Properly implement default colors

The "default colors" are achieved by using the op terminfo capability, which on my terminal maps to 39 and 49:

39	Default foreground color	implementation defined (according to standard)
49	Default background color	implementation defined (according to standard)

so when the default bits are active (or rather the "not default" bits are not active), we need be using this. I don't seem to see a terminfo capability for doing these distinctly.

memu=\Em, oc=\E]104\007, op=\E[39;49m, rc=\E8, rev=\E[7m,

Unit test for column output of multibyte characters

We need some unit testing to ensure we're reporting:

  • the number of bytes copied out for cell_load(), BUT
  • the number of columns written for putstr/printf

I'm pretty sure we're doing the first one right, or other things wouldn't work. Not sure about the second, nor how much we can trust e.g. wcwidth().

Copy nonspacing characters into EGC cell

In utf8_gce_len(), we currently only take the first multibyte character. We want an entire EGC, and indeed we must properly account for this to get general layout working (see #25 ). Loop forward on wcwidth() == 0 in this function.

Support PrintScreen to dump rendering to a file

When printscreen is pushed, render the current virtual buffer to a file (the physical on-screen buffer can be grabbed any number of ways). Provide an option to disable this behavior, and probably also allow it to be remapped.
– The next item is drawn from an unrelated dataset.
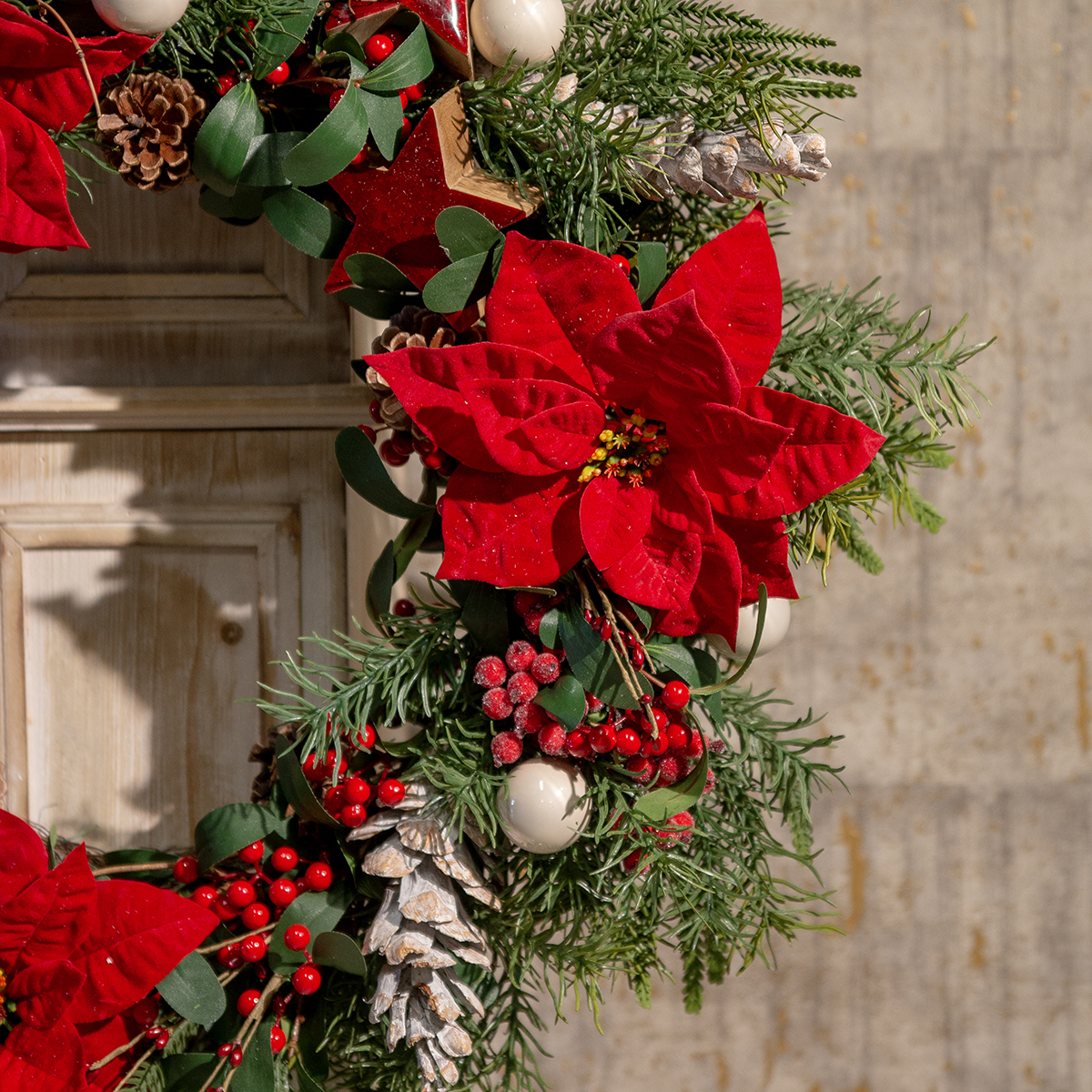 Sperimenta il caldo splendore delle nostre stelle di Natale artificiali, il cui aspetto realistico ti delizierà con il rosso vellutato e le foglie verdi delicate. Ogni stelo è rinforzato con un'anima in metallo che offre opzioni di decorazione flessibili. Dai a ogni stanza un tocco di classica eleganza natalizia con questi fiori artificiali, senza alcuna cura aggiuntiva.

Avoid invalidating standard plane on resize

There seems no fundamental reason to invalidate the standard plane on a resize, as we claim to do. Just use the existing ncplane structure, and realloc() the framebuffer. Easy enough.

Too many visible symbols

We ought be using -fvisibility=hidden so we only export symbols we want to. Right now we're making available things like egcpool_grow() etc.

Uniblock demo renders black background for text instead of default

In the uniblock demo, I get a big nasty trail of black empty cells following the name line. This is presumably due to us clearing the remainder of the line (so as not to retain cruft from longer names), but it should be transparent, as I've not set a background.

Implement transparent planes

With #1, we have a z-buffer and a first-order drawable plane. We ought be able to use this together with the idea of a default color to have transparent plane backgrounds. These cells ought show the next non-transparent layer's background, and if there is no such layer, show the underlying desktop.

In the case where an image is being rendered below, things get complicated, because there we're going to be using unicode fill characters to fake higher resolutions. With a foreground character, though, this can't be done. For a first-order solution, choose the most prominent color. A better solution would add dithering, methinks.

We probably ought generalize this to a full alpha channel, at least for backgrounds.

Don't send unnecessary color change sequences

We're writing a color escape for every cell on the screen in notcurses_render(). We only need to write it if it's changed from the previous cell. This will reduce the bandwidth sent to the terminal substantially.